Joona leans against the window and feels the cool gla.s.s against his forehead. Down in the street a taxi stops outside the hotel. The driver's face is grey with tiredness as he walks round the car to take the luggage out.
Joona glances down at his hire-car, watches the taxi drive off, and when he looks up again he's made up his mind.
'I'll try to find a way of getting Rocky out today ... and then we'll meet up so you can hypnotise him,' he says.

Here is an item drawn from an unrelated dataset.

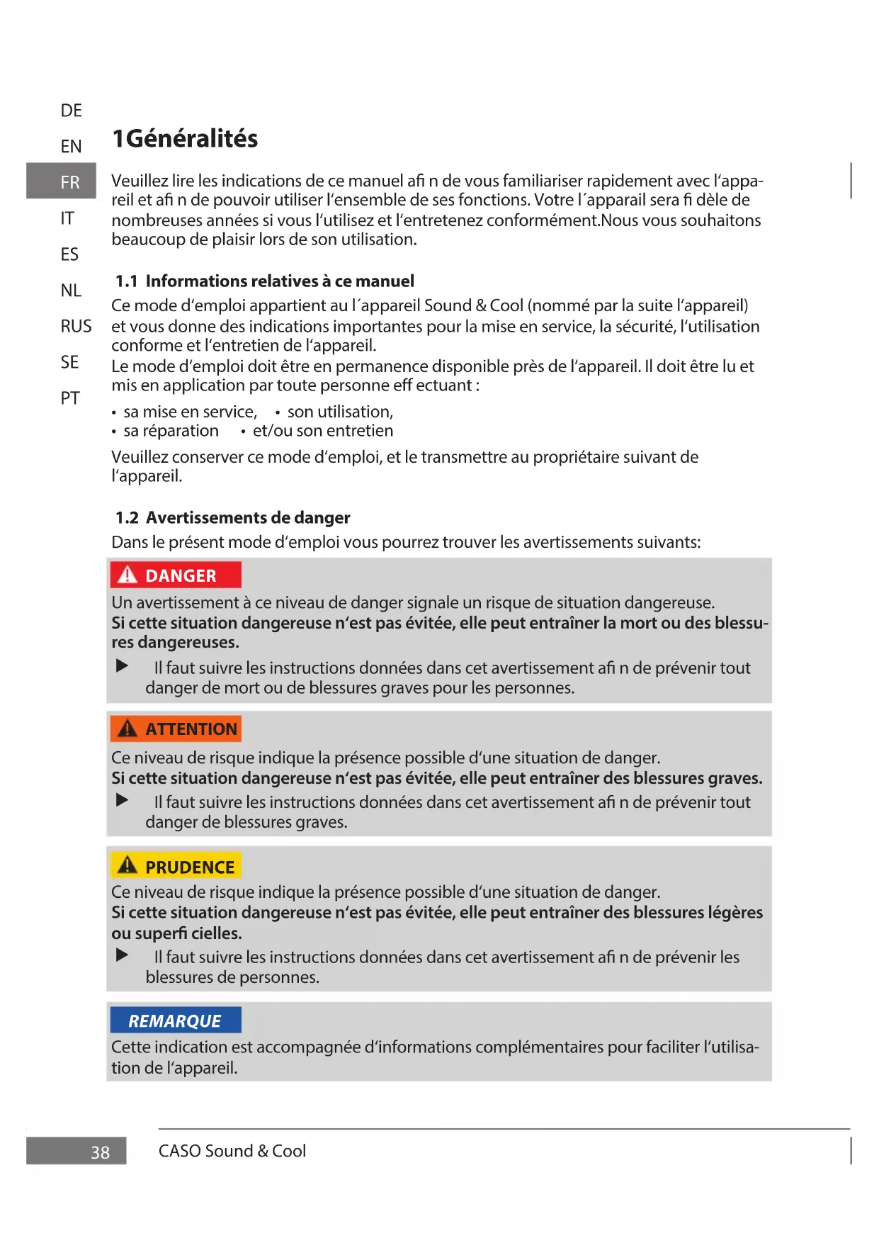 Dans le présent mode d‘emploi vous pourrez trouver les avertissements suivants: Un avertissement à ce niveau de danger signale un risque de situation dangereuse. Si cette situation dangereuse n‘est pas évitée, elle peut entraîner la mort ou des blessu- res dangereuses. Il faut suivre les instructions données dans cet avertissement a n de prévenir tout danger de mort ou de blessures graves pour les personnes. Ce niveau de risque indique la présence possible d‘une situation de danger. Si cette situation dangereuse n‘est pas évitée, elle peut entraîner des blessures graves. Il faut suivre les instructions données dans cet avertissement a n de prévenir tout danger de blessures graves. Ce niveau de risque indique la présence possible d‘une situation de danger. Si cette situation dangereuse n‘est pas évitée, elle peut entraîner des blessures légères ou super cielles. Il faut suivre les instructions données dans cet avertissement a n de prévenir les blessures de personnes. Cette indication est accompagnée d‘informations complémentaires pour faciliter l‘utilisa- tion de l‘appareil. DANGER ATTENTION PRUDENCE REMARQUECASO Sound & Cool

'Is that your plan?' Erik asks.
'You said you could unearth specific details about the preacher if you were able to hypnotise Rocky again.'
'Yes, I can, I'm pretty sure of that.'
'In that case I'll be able to find the real killer while you stay in hiding.'
'I just want to hand myself in and-'
'You'll be found guilty if it goes to trial.'
'That's ridiculous, I just happened to be nearby when-'
'It's not just that,' Joona interrupts. 'Your fingerprints were on an object found in Susanna Kern's hand.'
'What object?' Erik asks in astonishment.
'Part of a porcelain animal.'
'I don't get it, that doesn't mean anything to me.'
'But the fingerprint match is one hundred per cent.'
Joona hears Erik walk up and down, it sounds as though he's walking across a wooden floor.
'So everything points at me,' he says in a low voice.
'Have you got a picture of Nestor?'
Erik tells him how to log into the medical records of the Psychology Clinic before they end the call. Joona puts his pistol and jacket on, then goes down to reception to get a printout of Nestor's picture before leaving the hotel room again.
He walks past his hire-car and turns into the much narrower Frejgatan.
Outside one of the doorways stands an old Volvo, the sort with no ignition lock. Joona looks round quickly. The street is completely deserted. He takes a step back, then kicks in the rear side-window.
The alarm of a car further down the street goes off.